ABOUT THIS EXERCISE =>
Repeat the listing exactly. Do not carry over any pictures.

****

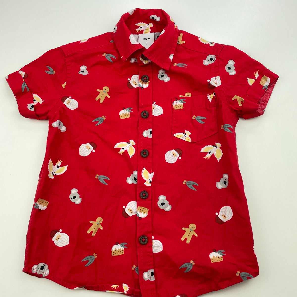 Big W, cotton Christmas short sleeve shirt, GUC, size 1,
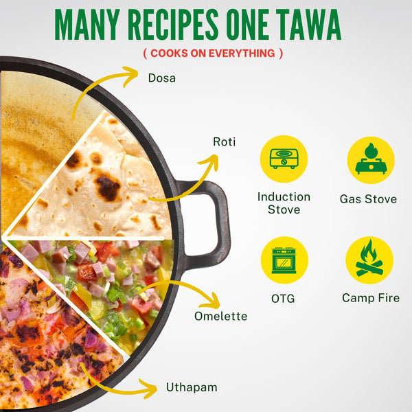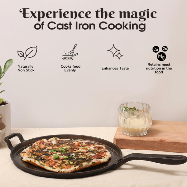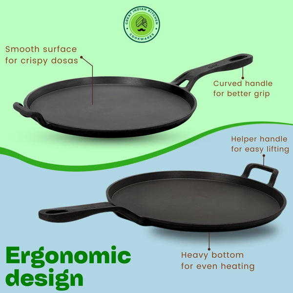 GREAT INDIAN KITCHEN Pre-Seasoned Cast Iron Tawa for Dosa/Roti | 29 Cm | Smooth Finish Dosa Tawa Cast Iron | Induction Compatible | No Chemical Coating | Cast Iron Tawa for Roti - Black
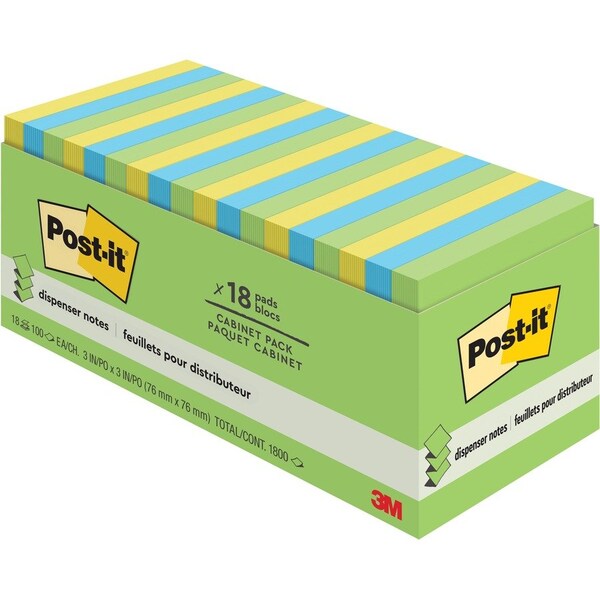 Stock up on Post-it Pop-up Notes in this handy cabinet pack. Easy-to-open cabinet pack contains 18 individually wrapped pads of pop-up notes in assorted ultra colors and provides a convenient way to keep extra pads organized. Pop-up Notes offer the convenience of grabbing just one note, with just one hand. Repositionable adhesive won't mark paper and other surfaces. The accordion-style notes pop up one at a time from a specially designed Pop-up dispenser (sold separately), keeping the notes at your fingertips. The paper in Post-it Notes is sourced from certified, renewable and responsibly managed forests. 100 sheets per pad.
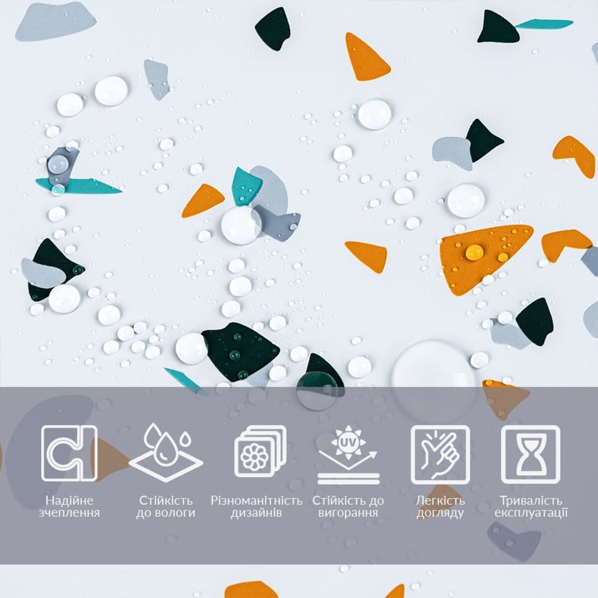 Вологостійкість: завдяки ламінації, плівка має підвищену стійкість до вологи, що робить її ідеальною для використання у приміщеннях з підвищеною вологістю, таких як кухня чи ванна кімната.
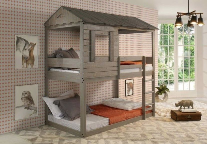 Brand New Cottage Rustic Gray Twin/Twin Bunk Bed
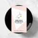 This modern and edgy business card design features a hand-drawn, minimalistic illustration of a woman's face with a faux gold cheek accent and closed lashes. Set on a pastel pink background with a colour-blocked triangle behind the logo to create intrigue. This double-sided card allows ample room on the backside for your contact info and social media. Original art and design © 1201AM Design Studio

****

ANSWER TO THE PROBLEM =>
 Big W, cotton Christmas short sleeve shirt, GUC, size 1,
 GREAT INDIAN KITCHEN Pre-Seasoned Cast Iron Tawa for Dosa/Roti | 29 Cm | Smooth Finish Dosa Tawa Cast Iron | Induction Compatible | No Chemical Coating | Cast Iron Tawa for Roti - Black
 Stock up on Post-it Pop-up Notes in this handy cabinet pack. Easy-to-open cabinet pack contains 18 individually wrapped pads of pop-up notes in assorted ultra colors and provides a convenient way to keep extra pads organized. Pop-up Notes offer the convenience of grabbing just one note, with just one hand. Repositionable adhesive won't mark paper and other surfaces. The accordion-style notes pop up one at a time from a specially designed Pop-up dispenser (sold separately), keeping the notes at your fingertips. The paper in Post-it Notes is sourced from certified, renewable and responsibly managed forests. 100 sheets per pad.
 Вологостійкість: завдяки ламінації, плівка має підвищену стійкість до вологи, що робить її ідеальною для використання у приміщеннях з підвищеною вологістю, таких як кухня чи ванна кімната.
 Brand New Cottage Rustic Gray Twin/Twin Bunk Bed
 This modern and edgy business card design features a hand-drawn, minimalistic illustration of a woman's face with a faux gold cheek accent and closed lashes. Set on a pastel pink background with a colour-blocked triangle behind the logo to create intrigue. This double-sided card allows ample room on the backside for your contact info and social media. Original art and design © 1201AM Design Studio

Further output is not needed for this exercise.